Problem Description[edit]

MMU faults may occur on a remote slave core during execution of an IPC-based program due to bugs that were inadvertently introduced. They are encountered on systems where an MMU is available on the slave to guard it from accessing invalid memory. On systems were the host is running a high-level OS such as QNX or Linux, when such an access occurs, an interrupt is sent to the host processor, which would perform recovery. As of IPC 3.21, the recovery process consists of resetting, reloading and restarting all slave cores. This fail-safe ensures that both host-to-slave and slave-to-slave communication, if any, can restart from a clean slate. This could be handy in a production system where the system can reboot itself when a bug is encountered.

However, even when recovery is successful, this is still a bug, and a program should not access invalid memory locations.

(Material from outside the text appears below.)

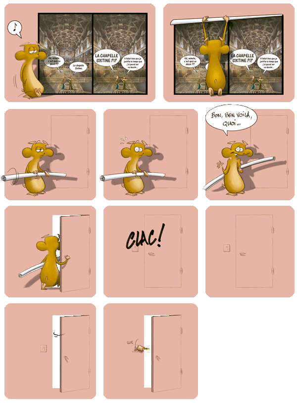 | |  |  | moi qui croyait tous ces artistes dispensés des petites viviscitudes de la vie quotidienne, me voila avec un michel ange avec de la peinture dans le slibard... au fait ils avaient des slips a l'epoque? ayons une pensée pour ces peintres de l'epoque qui ne connaissaient pas la peinture dulux valentine satinée qui coule pas dans le slip...

This topic describes techniques on how to debug such an MMU fault.

NOTE

Some CPUs include an additional MMU called the 'AMMU'. In this topic, we focus on faults at the level of the 'IOMMU', which is programmed externally by the host and would trigger an interrupt that initiates the recovery mechanism upon the occurrence of a fault.

Prerequisites[edit]

  • Development board setup with JTAG access thru CCS 5.x or above
  • Familiarity with connecting to slave cores on your device using CCS for debug purposes
  • Familiarity with rebuilding IPC

Approach[edit]

Identify the fault address[edit]

When debugging an MMU fault, one should start by identifying the fault address. IPC facilitates this by printing out the address on the host during the recovery process. In some cases, this could be the only hint you would need to identify what is going wrong.

If you are running QNX, after an MMU fault occurs, run the 'sloginfo' utility in QNX to observe the output from the IPC resource manager:

****************** IPU-MMU Fault ******************

Jan 01 00:02:57    4    42     0 ****    addr: 0x96000000

Jan 01 00:02:57    4    42     0 ****    TRANSLATIONFAULT

Jan 01 00:02:57    4    42     0 **************************************************

Jan 01 00:02:57    4    42     0 syslink_error_cb: Received Error Callback for IPU1 : MMU Fault

Jan 01 00:02:57    4    42     0 syslink_error_cb: Scheduling recovery...

The address shown in the trace is the invalid virtual address accessed by the slave core.

On Linux, you should be able to obtain a similar message by running the 'dmesg' utility.

Halt the code when the fault happens[edit]

If the fault address is always the same, you can pre-map the location with some unused physical memory and setup CCS to halt upon access of the given address location. This is helpful so that you can take a look at the call stack, register values and memory contents. The procedure below illustrates what can be done on DSP1 of a DRA7xx device, but similar steps can be performed on other cores and other devices as well.

First, identify a 4KB aligned, unused area in the physical memory map that you can use. For sake of illustration, let's assume the 4KB starting at address 0xBA300000 is available and not used by any core in your program.

Before the fault happens -- possibly right after loading the slave core with IPC -- connect to the Debug DAP in CCS (Right-click in the Debug Window, and select 'Show all cores' to make it visible if it is hidden). The Debug DAP gives access to the physical memory as a whole. Bring up the Memory Window to inspect the MMU registers at 0x40D01000. Program up the MMU to map some unused memory to the fault address location by modifying the MMU registers to their corresponding values:

  • MMU0 CAM (0x40D01058): 0x9600000E (Change the most significant 20 bits here to match your fault address. So it'd be 96000 if your fault address is 0x96000010 for example)
  • MMU0 RAM (0x40D0105C): 0xBA300000 (Change the most significant 20 bits here to match an unused 4KB physical region in the memory map)
  • MMU0 Lock (0x40D01050): 0x00000400
  • MMU0 LD (0x40D01054): 0x00000001

If the fault happens on a data access[edit]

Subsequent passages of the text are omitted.